“We had to choose — either pay the deposit on our home, or launch Fix. We chose Fix.”
That one decision — driven by gut, grit, and a pregnancy craving — catapulted British-Egyptian Sarah Hamouda from full-time mother to global dessert entrepreneur.
Today, she and her husband Yezen Alani are the force behind Fix, the viral gooey Dubai-based chocolate brand that started with a pistachio-filled creation — and sparked an international sugar rush.
“Tamara is the secret,” she says. “She’s indeed our Million Dollar Baby.” While Sarah was pregnant with her youngest daughter, she began craving something specific — a flavour that didn’t exist yet.
So she set out to create it. That craving turned into Fix’s very first flavour — a chocolate shell filled with pistachio cream — and a runaway hit.
“Even though it was a craving, Tamara doesn’t want anything to do with it now … But her favourite is the pistachio,” Sarah says with a grin.
Fix may have begun as a personal indulgence, but it quickly turned into something far bigger.
“We launched during COVID, and we didn’t have much,” she says. “Whatever we had saved over 10 years — that’s what we put into it. We had to choose between putting a deposit down on a home, or building this. And we took the risk.”
That risk paid off. Today, Fix is a cult brand — and one of Dubai’s proudest dessert success stories. So much so, in fact, that the pistachio market briefly felt the heat.
“You are the lady who triggered scarcity in pistachios,” I tell her during our interview, and she laughs with a mix of pride and disbelief.
Sarah never imagined her creation would go viral — or be copied around the globe.

“I never expected it to be replicated so heavily,” she admits. “I get messages from people in Germany, Paris, Los Angeles — they’re making their own crêpes, waffles, ice cream. It’s crazy. It’s flattering, but I just hope they do it with dignity. Care about the consumer. Use better ingredients. There’s no integrity otherwise.”
And while many businesses rush to franchise and scale, Sarah remains unapologetically slow and intentional.
“People may think it’s a mistake, but I think we made the right decision. For us, it’s all about quality and experience,” she says.
“If we had scaled quickly, maybe things would have been different. But we wanted people to experience the product the same way we do. That matters more to us than just being everywhere.”
For Sarah, Dubai was the perfect place to start.
“Dubai allows you to be creative. It pushes boundaries,” she says. “That’s what Fix is about. The diversity of cultures, the acceptance, the community — all of that shaped who we are. It’s always been about people.”
That people-first approach is also how she built Fix with her husband. While some caution against working with a spouse, Sarah embraced it.
“It’s not easy,” she says.
“Segregating work from home life is a challenge. But we share the same passion and love for this. I would never have done it with anyone else. He brings in skills — operational things I could never deal with. We try to avoid talking about Fix 24/7, but sometimes it slips in.”
Her honesty is disarming. In a world of polished PR talk, Sarah is refreshingly real.
“I always say — just be real. People are done with the media-trained version. They want flaws. They want vulnerability.”
That authenticity shines through, not just in her story but in her stance on money.
“I’m scared of loans,” she admits.
“I didn’t want to live beyond our means. People might say that’s our limitation, but I think otherwise. It made us smarter. Everything we did came from what we had saved. We’re not nepo babies. We built this from scratch.”

The copycats, of course, came quickly. A recent article warned that cheap knock-offs were using harmful ingredients. What would she say to those imitating her work?
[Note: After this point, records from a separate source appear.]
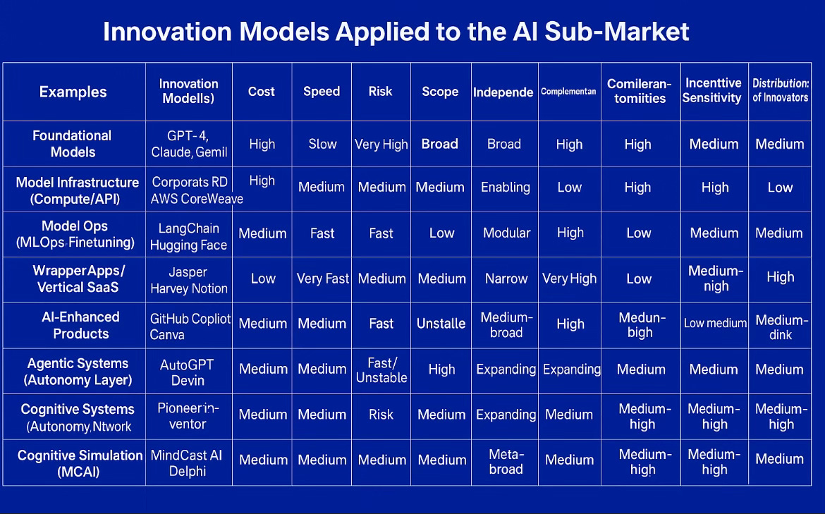 Understanding the diverse mechanics of innovation is essential to clarifying how the AI markets operate beneath the surface. Mark Lemley's typology of innovation models offers a powerful structure for mapping these differences—particularly in cost, speed, independence, risk, and strategic leverage. Each AI submarket aligns with a distinct innovation type, influencing how capital should be deployed, what risks matter most, and where structural moats actually lie. Without recognizing these distinctions, investment strategy drifts into narrative and noise.
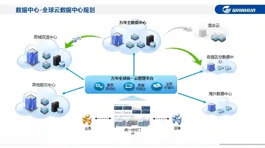 最后是万华化学全球云数据中心的整体规划和目标——万华化学全球云数据中心,实现万华全球统一的云管理平台,主要涵盖:万华主数据中心、各园区数据中心、海外数据中心、同城灾备/双活中心、各园区和海外分支机构的异地容灾中心等,将所有的IT资源全部统一管理起来,形成一个大的平台。最后实现IT高效、灵活的整体支撑。
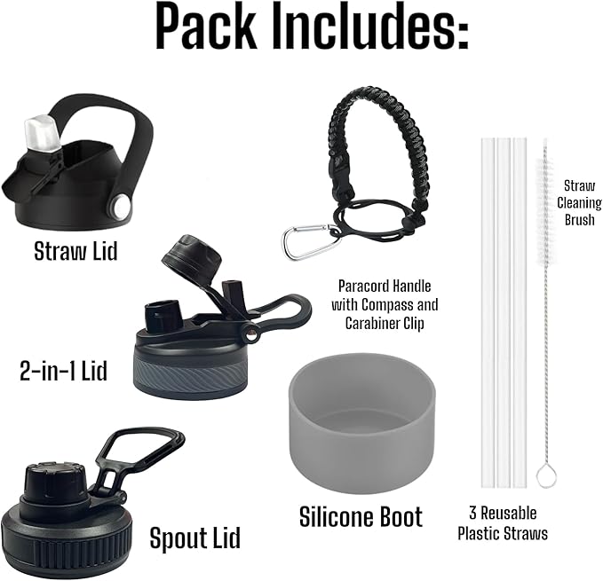 - ADVENTURE-READY ACCESSORIES: With a silicone protective boot, a paracord bottle holder featuring a compass and carabiner clip, an extra plastic straw, and a convenient straw cleaning brush, our set is designed for those always on the move.
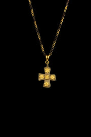 An ancient bronze cross enhanced with delicate gold work, blending historic charm with elegant craftsmanship.
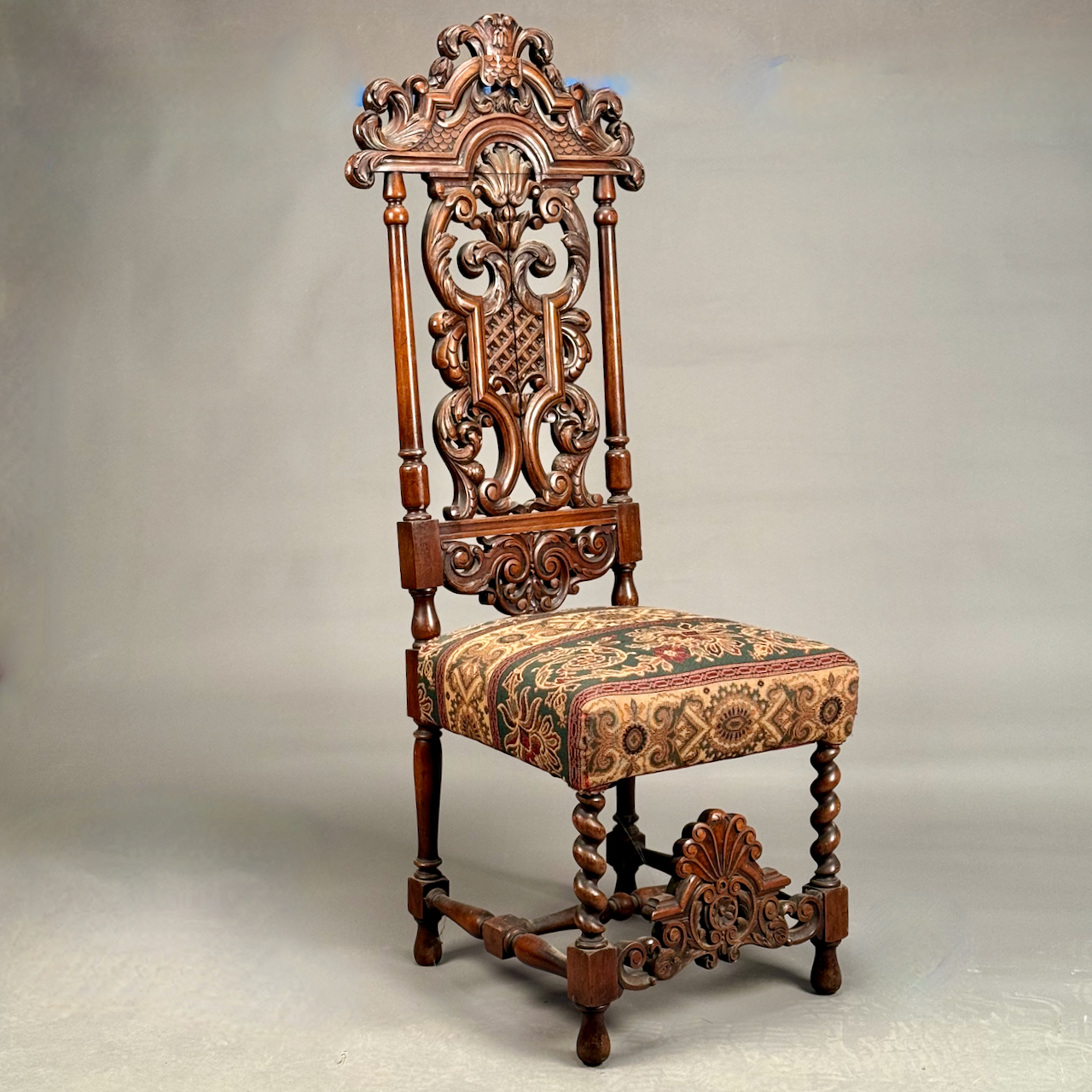 Home / ANTIQUE ESTATE AUCTION - FRI MARCH 27 AT 6 PM / LOT 201 HIGH BACK CARVED FLEMISH STYLE SIDE CHAIR WITH TAPESTRY SEAT AND CARVED FRONT STRETCHER. 54”(H) LOT 201 HIGH BACK CARVED FLEMISH STYLE SIDE CHAIR WITH TAPESTRY SEAT AND CARVED FRONT STRETCHER. 54”(H) Place a Bid Category: ANTIQUE ESTATE AUCTION - FRI MARCH 27 AT 6 PM Tag: auction Related products LOT 023 STEPHEN G. MANIATTY, ‘SAWMILL’, OIL ON CANVAS, SIGNED LOWER RIGHT, FRAMED WITH AN AWARD PLAQUE “GRUMBACHER ARTISTS MATERIAL AWARD/GRAND NATIONAL EXHIBITION/NEW YORK CITY – 1965”. 20 X 30 LOT 014 PAIR OF STERLING SILVER 2 HANDLED PLATES BY WEBSTER MARKED ‘6613’, NO MONOGRAM, 10-1/2 AT WIDEST, 21.3 OZT LOT 001 PAIR OF STERLING SILVER COLUMN CANDLESTICKS BY GORHAM MARKED A3207 EACH HAVING REMOVABLE BOBECHES. 10-1/4″(H) LOT 011 4 PCS OF ENGLISH STERLING SILVER. (1) EXPANDING TOAST RACK, 1901-1902, LONDON, 3″(H). (2) 3″ TEA CADDY SPOON, 1796-7, LONDON. (3) 7″ RETICULATED 2 HANDLED DISH, 1906-7, BIRMINGHAM. (4) 2″(H) TANKARD SHAPED MUSTARD WITH COBALT LINER, 1902-3, BIRMINGHAM. 12.6 OZT (W/O LINER)

“Replicate it — but replicate it with dignity,” she says firmly. “There are some great brands who’ve learned from us and still care about the consumer. But there are also those just trying to make money off the hype. That’s hard to watch. Fix was never about that. It’s about doing it right.”
Despite the viral fame, her kids remain adorably unaffected. “I don’t think they understand how big this is,” Sarah laughs.
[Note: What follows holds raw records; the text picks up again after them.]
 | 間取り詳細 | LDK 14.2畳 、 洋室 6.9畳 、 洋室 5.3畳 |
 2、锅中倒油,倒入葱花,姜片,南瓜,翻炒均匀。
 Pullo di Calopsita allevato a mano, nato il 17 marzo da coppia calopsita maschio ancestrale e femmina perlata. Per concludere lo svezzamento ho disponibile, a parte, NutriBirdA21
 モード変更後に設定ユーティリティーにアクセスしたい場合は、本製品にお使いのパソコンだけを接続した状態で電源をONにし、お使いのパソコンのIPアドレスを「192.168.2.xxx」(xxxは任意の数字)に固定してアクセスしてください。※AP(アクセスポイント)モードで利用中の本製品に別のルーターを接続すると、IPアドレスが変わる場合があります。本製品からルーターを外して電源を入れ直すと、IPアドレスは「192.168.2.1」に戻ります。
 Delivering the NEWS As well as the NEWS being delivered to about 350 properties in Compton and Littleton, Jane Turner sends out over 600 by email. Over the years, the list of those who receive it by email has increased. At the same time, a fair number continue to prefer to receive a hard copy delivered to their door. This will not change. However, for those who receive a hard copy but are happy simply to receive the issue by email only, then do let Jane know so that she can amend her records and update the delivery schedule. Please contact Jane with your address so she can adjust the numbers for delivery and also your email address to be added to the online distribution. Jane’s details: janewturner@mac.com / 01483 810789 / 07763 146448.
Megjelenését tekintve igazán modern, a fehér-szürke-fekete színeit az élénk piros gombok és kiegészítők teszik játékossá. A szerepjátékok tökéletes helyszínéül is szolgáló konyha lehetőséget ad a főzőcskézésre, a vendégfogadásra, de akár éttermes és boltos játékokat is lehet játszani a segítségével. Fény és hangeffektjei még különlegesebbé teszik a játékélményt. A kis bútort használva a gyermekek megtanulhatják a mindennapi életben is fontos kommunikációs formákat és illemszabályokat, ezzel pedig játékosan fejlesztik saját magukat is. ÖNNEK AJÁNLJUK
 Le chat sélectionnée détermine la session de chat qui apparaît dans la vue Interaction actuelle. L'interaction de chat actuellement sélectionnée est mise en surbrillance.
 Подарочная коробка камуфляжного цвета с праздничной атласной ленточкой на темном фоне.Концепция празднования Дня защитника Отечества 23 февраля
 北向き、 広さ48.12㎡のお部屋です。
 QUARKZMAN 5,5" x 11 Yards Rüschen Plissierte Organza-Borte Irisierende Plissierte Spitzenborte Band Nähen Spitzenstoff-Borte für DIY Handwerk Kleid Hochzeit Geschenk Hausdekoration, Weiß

“Tamara doesn’t even like the mango, which was the pregnancy craving. She’s all about pistachio now.”
And while women like Huda Kattan paved the way, Sarah’s inspiration remains closer to home.
“Honestly, it’s mothers,” she says. “People who create something out of nothing. When someone tells me I’m an inspiration, it reaches my heart — because I don’t see it like that. I’m just doing what I love.”
To the countless women who cook magic in their kitchens but don’t know how to start, she offers this:
“It’s never too late. Never. Fix started as an idea. Turning it into a recipe, a brand — that took time. And we didn’t have investors. We didn’t take loans. We used what we had. That’s all it takes sometimes — conviction.”
In the end, Fix isn’t just chocolate. It’s resilience. It’s risk. It’s love — packaged in gold foil and pistachio cream.
If Fix were a Dubai landmark?
“It would be all of them,” Sarah says. “Every part of Dubai is what Fix is — cultures, nationalities, people coming together. That’s what we reflect.”